Better Late Than Never?

As I have written many times before, the opioid prescribing guidelines put forth by the Centers for Disease Control and prevention have been criticized for not being evidence-based. This has even caused the Food and Drug Administration to begin the process of developing its own set of guidelines.

In publishing the guidelines, the CDC emphasized they were meant to be suggestive, not “prescriptive,” pointing out that health care practitioners know their patients’ situations better than any regulators and should therefore individualize their prescribing to meet their patients’ unique needs. 

That has not prevented the majority of states from implementing opioid prescribing guidelines that place limits on the dose, amount, and length of time that doctors can prescribe opioids—usually restricting the dose of opioids to a maximum of 90 MME (morphine milligram equivalents) per day. According to the National Conference of State Legislatures at least 30 states have implemented such guidelines.

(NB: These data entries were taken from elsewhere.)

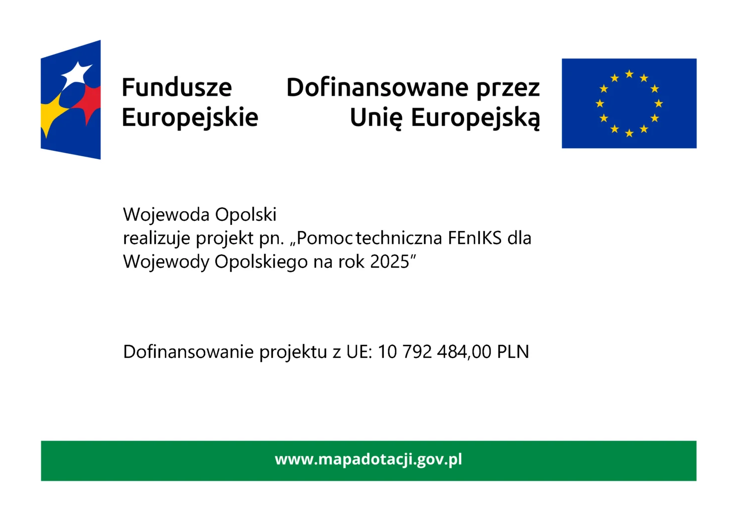 Wojewoda Opolski wraz z 15 Wojewodami realizuje projekt pn. „Pomoc techniczna FEnIKS dla Wojewody Opolskiego na rok 2025” w ramach VIII Priorytetu programu Fundusze Europejskie na Infrastrukturę, Klimat, Środowisko na lata 2021-2027.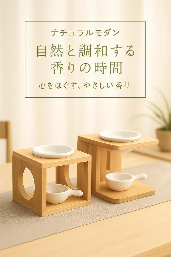 「香りと光で心ほぐれるひとときに」 キャンドルホルダーとアロマ容器が分かれたセパレート式のアロマポット。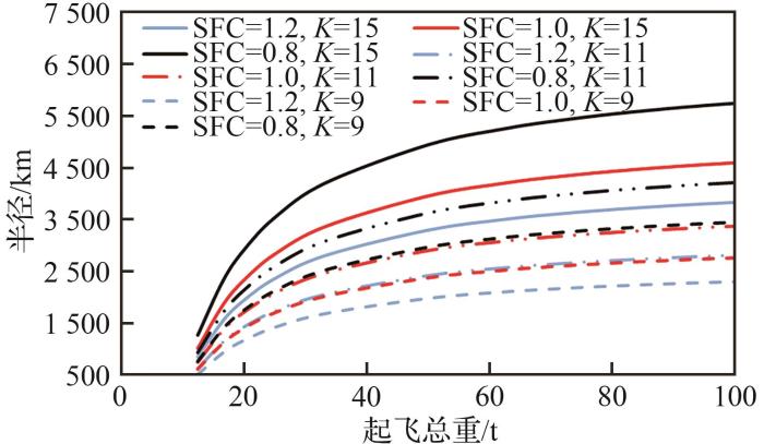 不同K和SFC组合下飞机重量随半径变化趋势

These guidelines have caused many health care practitioners to return to the undertreatment of pain for which they were criticized in the 1980s and 90s. And it has driven many chronic pain patients to desperation as their doctors abruptly taper their pain medication or cut them off entirely.

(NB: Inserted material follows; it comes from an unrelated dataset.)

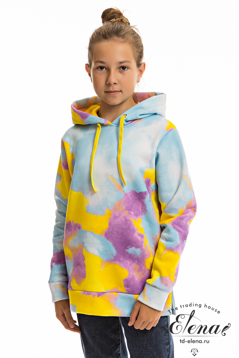 Толстовка выполнена из трикотажного полотна с начёсом (футер трёхнитка). Длинный шнурок регулирует объём капюшона, рукава с притачными манжетами. В боковых швах сделаны декоративные разрезы. Толстовка идеально подойдёт под спортивный, повседневный стиль в одежде.

The American Medical Association has gently criticized the misinterpretation and misapplication of the CDC guidelines in the past. Now two and a half years after the CDC published its guidelines, the AMA has taken a more adamant stand. This week, at the AMA’s interim meeting in Maryland, its House of Delegates resolved:

RESOLVED that our AMA affirms that some patients with acute or chronic pain can benefit from taking opioids at greater dosages than recommended by the CDC Guidelines for Prescribing Opioids for chronic pain and that such care may be medically necessary and appropriate. 

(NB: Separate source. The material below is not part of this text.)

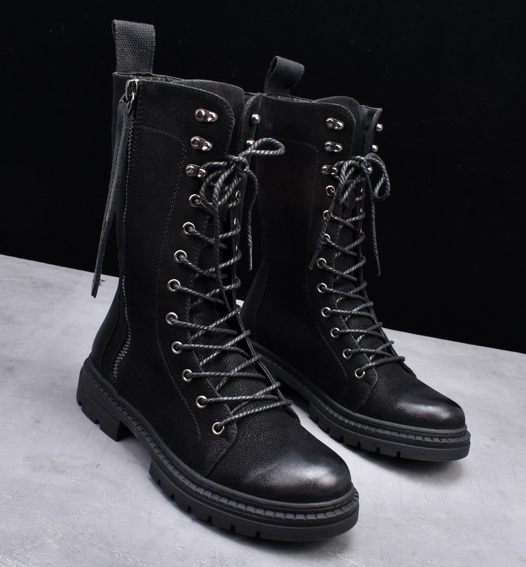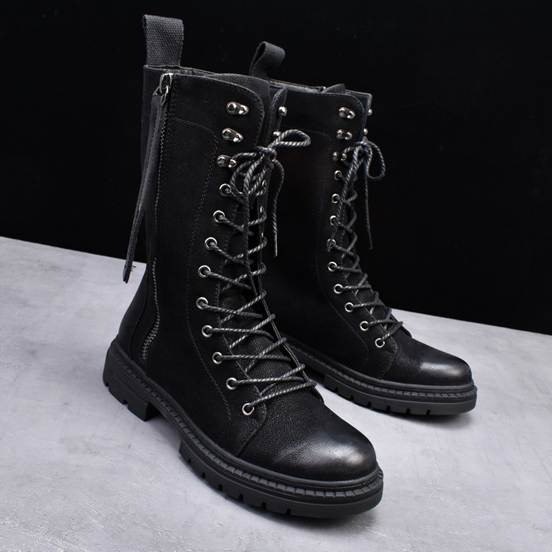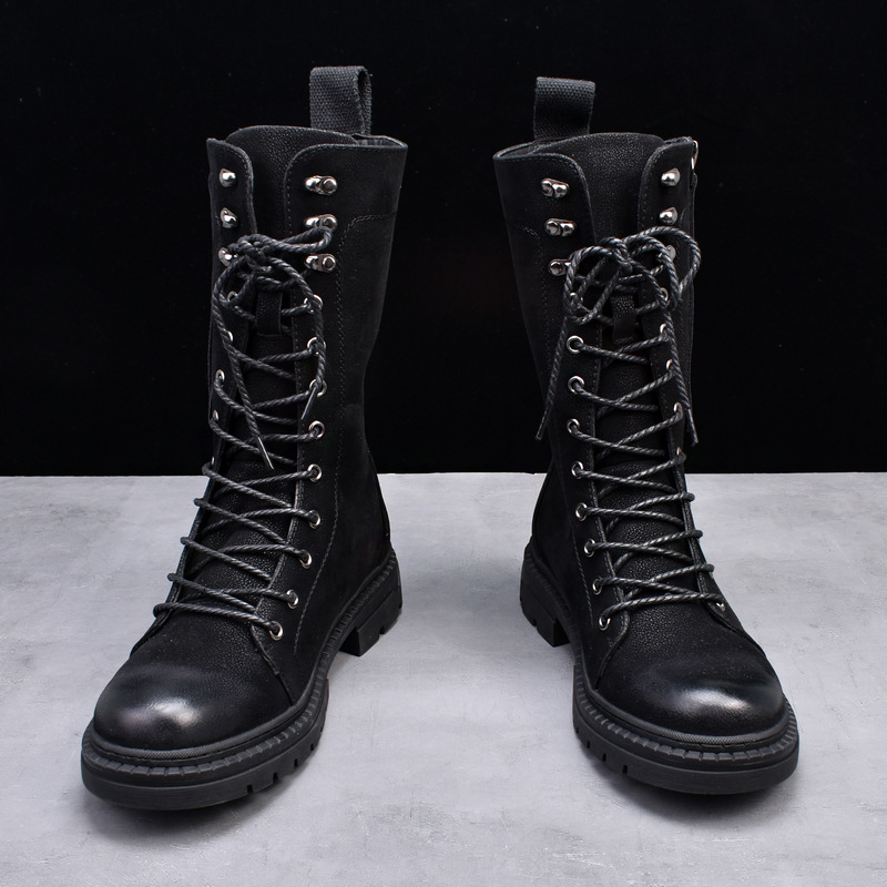 Martin Boots Round Toe Middle Tube Leather Boots Men's Cowboy Boot

RESOLVED that our AMA advocate against the misapplication of the CDC Guidelines for Prescribing Opioids by pharmacists, health insurers, pharmacy benefit managers, legislatures, and governmental and private regulatory bodies in ways that prevent or limit access to opioid analgesia.

RESOLVED that our AMA advocate that no entity should use MME thresholds as anything more than guidance, and physicians should not be subject to professional discipline, loss of board certification, loss of clinical privileges, criminal prosecution, civil liability, or other penalties or practice limitations solely for prescribing opioids at a quantitative level above the MME thresholds found in the CDC Guidelines for Prescribing Opioids.

Sadly, the opiophobia-driven policy train left the station long ago. As an eternal optimist, my initial reaction is to think, “better late than never,” and to hope this new resolution will cause policymakers to reconsider their misguided policy. But the cynical voice inside me responds with a more negative cliché: “a day late and a dollar short.”